We found another place to sit a little farther up where we could enjoy our feast. We had all our favorite Khmai snacks (and some caramel apple dip that is decidedly not Cambodian, but too picnic-worthy to resist). And wow, let me tell you, the view from the top was absolutely breath-taking. You can literally see for miles because Cambodia is so flat so the only things interrupting the patchwork of rice fields are a few renegade palm trees, lakes and village oases.

After our excruciatingly bumpy took took ride back to BB we all took a much needed nap before dinner. As if climbing hundreds of stairs and a steep incline to the top of the mountain wasn’t enough, the roads leading to and from the temples were flooded and bumpy. I think I actually got some air-time during a few of those bumps! And during the highlight of our return trip we all had to crawl out into a mud hole so the boys could push the took took out of a rut. Yeah, sometimes it really is nice to be a girl. As we have come to say: “only in Cambodia!”
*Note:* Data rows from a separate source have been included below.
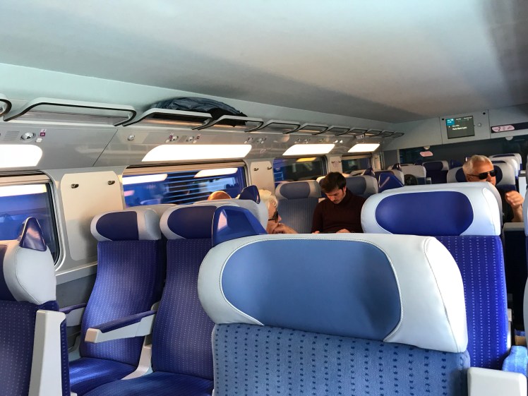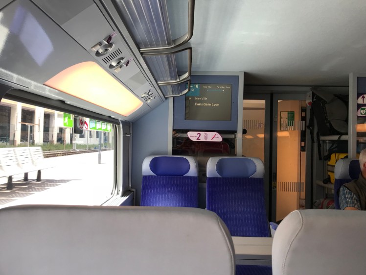 When passengers from Antibes got on the train, though, Sean had to move back to his assigned seat. We took Arthur out of the car seat and placed the car seat in the luggage compartment.
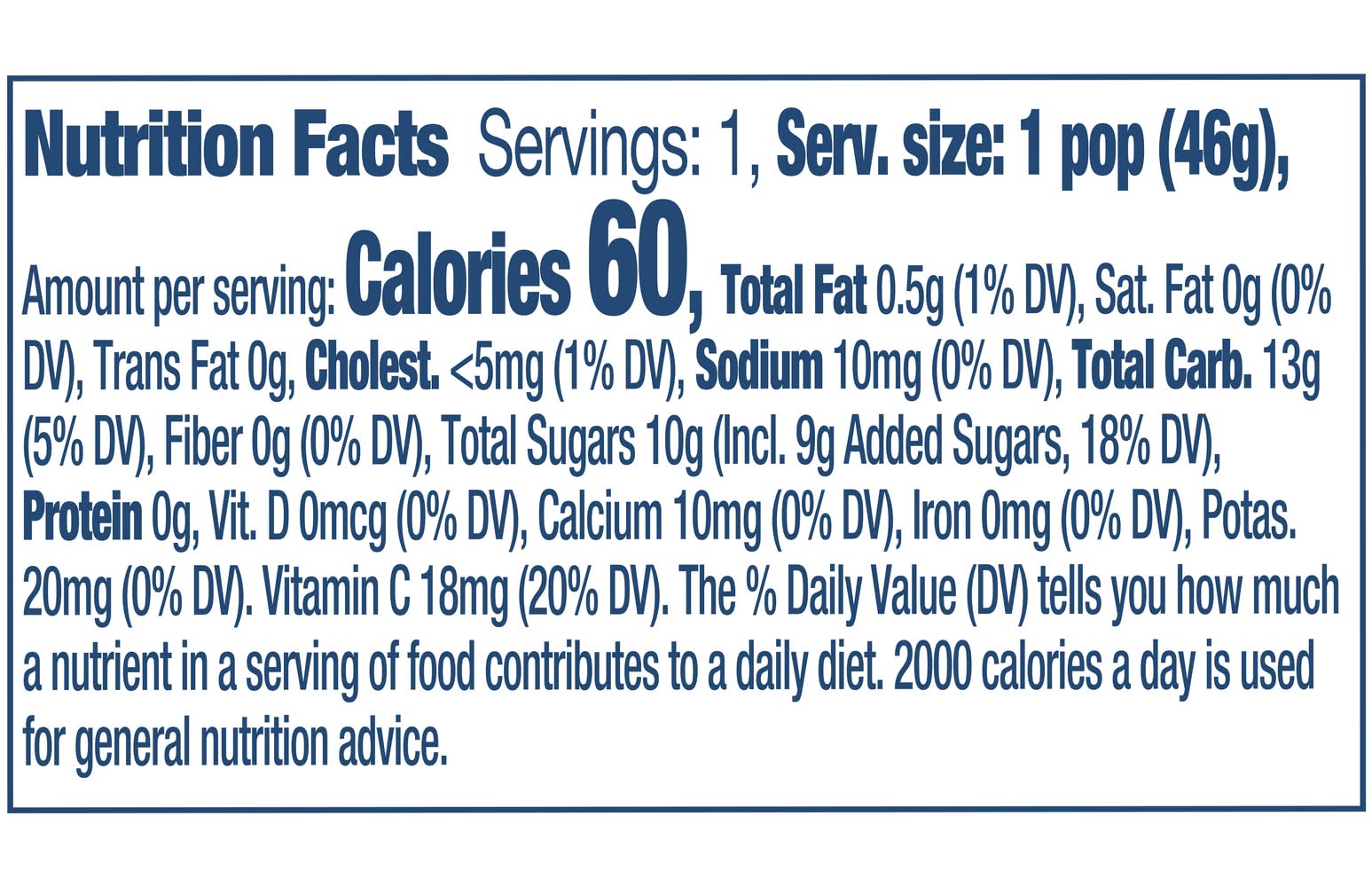 Frollies Fruity Orange Pop Ups bring big fun and big fruity flavor to any occasion. Whether you’re at a kids’ birthday party, family gathering or just enjoying a fun snack, these are the perfect frozen treats to reach for when you want to add some joy to your day! With a creamy texture and fruity flavor, everyone will enjoy these tasty pop-ups. So parents, dig in! -- because why should kids have all the fun? Our frozen pops are made with no artificial colors*, so you can feel good about snack time! *Added colors from natural sources • Flavor: Orange • Size: 1 CT
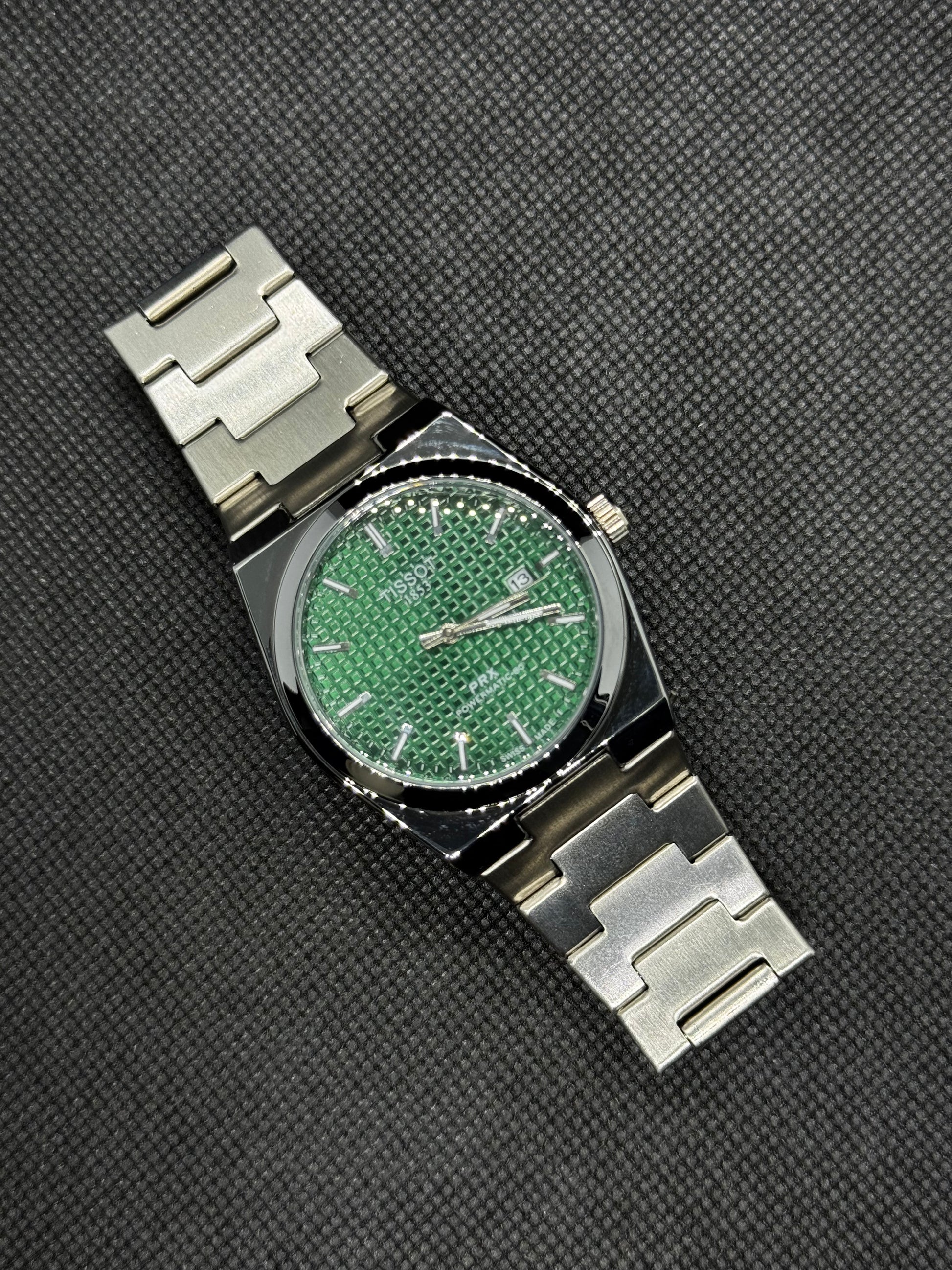 TISSOT Prx 1853 Green Dial 40mm Stainless Steel date and time

The following day, I had tentatively planned on returning South, but I couldn’t resist Deidre’s offer to spend one last night a little over an hour away in the town of Svay where she, Dan, Kelsey and Anthony would be hanging for the night at a VSO volunteer’s house and cooking dinner. Let me tell you, VSOs have the hook up.

I finally made it back to site this afternoon, with plans this week to go swimming with my Spanish friend Anna at a local water hole and visit a near-by temple with some of my co-teachers. It’s great to be back and see everyone – and nothing can beat my host family’s home-coming meal of gnome bun chaw (a white noodle dish with peanut-oil, beef and basil that would blow your mind) and more smiles and giggles than I know what to do with!